Last Wednesday I wrote about actress Alyssa Milano’s decision to decline future involvement in the Women’s March because she was disappointed the leaders of the group had previously embraced anti-Semitic leader Louis Farrakhan. “I’m disappointed in the leadership of the Women’s March that they haven’t done it adequately,” Milano said, referring to the need to create distance from Farrakhan.
As the story about Milano’s comments to the Advocate magazine made the rounds, another Hollywood progressive signaled she felt the same way:
I stand with you @Alyssa_Milano https://t.co/FKN31ApXnU
— Debra Messing✍🏻 (@DebraMessing) November 9, 2018
But earlier the same day the Women’s March had issued a statement which denounced anti-Semitism but which also seemed to blame the entire controversy on the right: “Many on the right are thrilled to use any tool they can find to divide and undermine our movement…” the statement said.

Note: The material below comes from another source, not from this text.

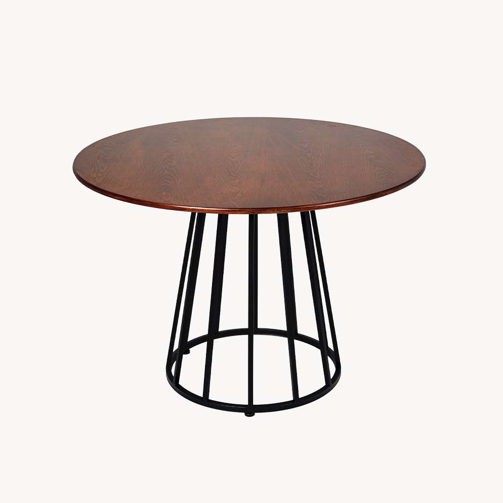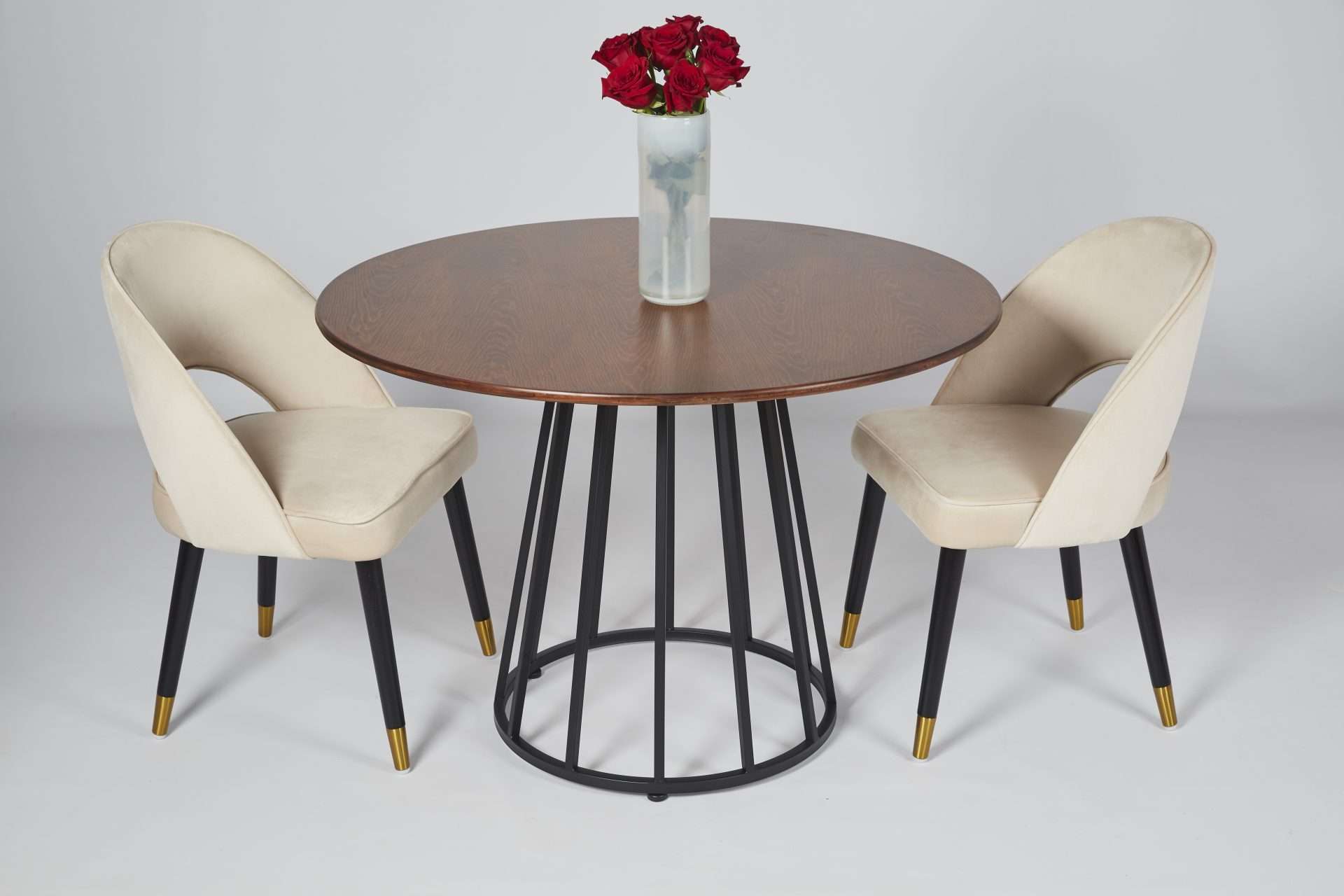 The Darcie! Perfect for those smaller spaces. This round dining table comfortably fit 4 chairs and would fit in any kitchen or dining area. This is the brown wood option with black metal base but we have the faux marble option also or get in touch for custom combinations.

Women’s March leaders stand against anti-Semitism in all its forms: pic.twitter.com/KLC3W4zZ2H
— Women's March (@womensmarch) November 9, 2018
Today, Jewish magazine Forward published a response which notes that the controversy last week had nothing to do with the right. On the contrary, it stated with a progressive reporter for a well-known gay magazine talking to a progressive actress:
I’m a reporter for The Advocate, the country’s largest LGBTQ publication. The publication is as liberal as it gets; it covers feminism daily and has an editor who specifically covers the issue.
I asked Milano about the Women’s March because Louis Farrakhan is an open enemy to queer people. In 2006, he said, “It’s the wicked Jews, the false Jews, that are promoting lesbianism, homosexuality.” And just this year, he said “Jews were responsible for all of this filth and degenerate behavior that Hollywood is putting out, turning men into women and women into men.”
Collectively, the Women’s March leaders have refused to apologize for praising him and have overlooked his vitriolic hatred of the marginalized communities their intersectional movement claims to represent.
Why is the Women’s March ignoring these details? Why are they blaming the right when the criticism is coming from Jewish and LGBTQ liberals?
I think that we all know the answer to that question. The far left is fond of describing any criticism that they don’t like as controversy cooked-up by the right to make them look bad. They play this card so often that the Women’s March probably didn’t notice that their blame-the-right boilerplate language didn’t apply in this instance. Simply put, no one involved in this immediate controversy is on the right.
Now it is true that people on the right have been covering Farrakhan and the fact that Women’s March leaders have refused to denounce him and even defended him as being similar to Jesus. But the lesson to take from that is not that the left is wrong to criticize the Women’s March co-founders. The lesson is that the right was correct to be doing so all along.
But for people on the far-left like Linda Sarsour and Tamika Mallory, the right can never be morally correct. The right can only be the villains in their partisan drama. And that means that whatever the right believes is automatically tainted and wrong. Therefore, if someone on the left agrees with the right, they must be wrong too and probably in need of some correction.
Indeed, the Forward piece goes on to note that after Milano and Messing publicly took issue with the Women’s March, Sarsour and Mallory began tweeting out articles defending their refusal to denounce Farrakhan and calling out white women as poor allies:
After Debra Messing, a Jewish woman and longtime ally of LGBTQ people, tweeted out that she stands with Alyssa, Tamika Mallory and Linda Sarsour shared articles published on Medium defending their refusal to directly distance themselves from Farrakhan, whose decades of hate-mongering have earned him his own page on the Southern Poverty Law Center’s archives of horrors.
Their thesis? White women are the problem, not Farrakhan.
Sarsour then wrote up a manifesto about white women and how they should be better allies to organizers of color — a giant subtweet to Jewish critics.
And that characterization of Sarsour’s statement as a subtweet is not an exaggeration. Here’s a sample of what Sarsour wrote:
Don’t be the white women who puts conditions on her solidarity with women of color…
Don’t be the white women who call us to do work with them but don’t want to name the real threat – white supremacy – because they think it’s divisive.
Don’t be the white women who will ignore the real threats of white supremacy but use deflections and distractions to blame the violence happening in our communities on anyone and anything but white supremacists, white nationalism and white supremacy.
Gee, I wonder which white women she has in mind?
Forward is not alone in noticing that the Women’s March seems to be trying to blame its problem on the right. Tablet also published a critique of the statement. The subhead sums up the content, “The movement’s leaders treat calls for accountability from Jewish allies as personal attacks or right-wing smears, but the criticism they face is the result of their own actions.”